CAPE CANAVERAL-- NASA plans to have a rescue shuttle ready for just the first two post-Columbia missions. After that, they might go back to business as usual.
If the first two flights make NASA confident the safety fixes to the shuttles are working, agency managers said they might determine it's no longer necessary to have a rescue vehicle on standby for future missions.
"After that, we will take a look and evaluate . . . and see where we need to go from there," said John Casper, a former astronaut now leading NASA's effort to implement recommendations made by the Columbia Accident Investigation Board.
When Discovery blasts off on the first return-to-flight mission, as early as the spring, NASA says Kennedy Space Center will be ready to launch Atlantis on a rescue mission within 45 days. On the second flight, a rescue shuttle will be ready to go within 58 days.
That's the amount of time that engineers estimate there would be food, water and working life support systems aboard the International Space Station to keep a larger crew of 10 people alive if the shuttle somehow becomes stranded there on one of the first two flights.
Safety changes, such as reducing the amount of external tank foam debris battering the orbiters' heat shields, will be tested on those flights.
"We need to understand the fixes that we've done we need to understand how well the systems work," shuttle program manager Bill Parsons said.

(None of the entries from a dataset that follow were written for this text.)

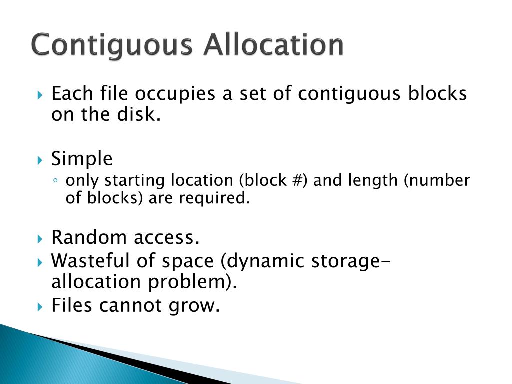 Contiguous Allocation • Each file occupies a set of contiguous blocks on the disk. • Simple • only starting location (block #) and length (number of blocks) are required. • Random access. • Wasteful of space (dynamic storage-allocation problem). • Files cannot grow.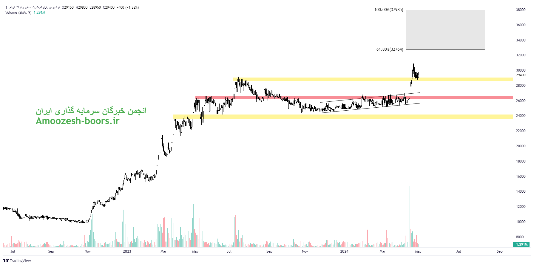 سهم ارفع پس از خروج از کانال صعودی خود با شکست مقاومت مهم ناحیه 29000 ریال، در حال پولبک و آماده سازی برای تداوم رشد خود تا نواحی ۳۳۰۰۰ ریال و ۳۸۰۰۰ ریال میباشد. لذا در صورت ایجاد فشار عرضه در سهم و عدم تایید پولبک، نزدیکترین حمایت به سهم ارفع ناحیه ۲۶۰۰۰ ریال در نظر گرفته خواهد شد.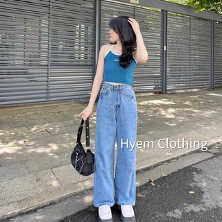 [NEW] Quần jean nữ lưng siêu cao dáng ống rộng màu xanh nhạt, hàng cao cấp - Ms04

Having a rescue shuttle on standby never was a requirement before Columbia because the agency was confident it was flying a reliable vehicle, Parsons said. If the safety modifications work as planned, engineers and managers may regain confidence that a rescue shuttle is not necessary.
That's not the only post-Columbia change that might only last two launches. A requirement to launch during the daytime so that tracking cameras can get clear images of possible debris strikes also may go away after the first two launches, NASA has said.
Getting rid of those two requirements would be a big boost to meeting President Bush's directive to finish building the space station and retire the aging shuttles by 2010. Doing so will require flying four to six times per year, a rate that was difficult to meet prior to Columbia.
They dismissed suggestions by people inside and outside the agency that a rescue can't be pulled off, however. "We know it's do-able," Parsons said.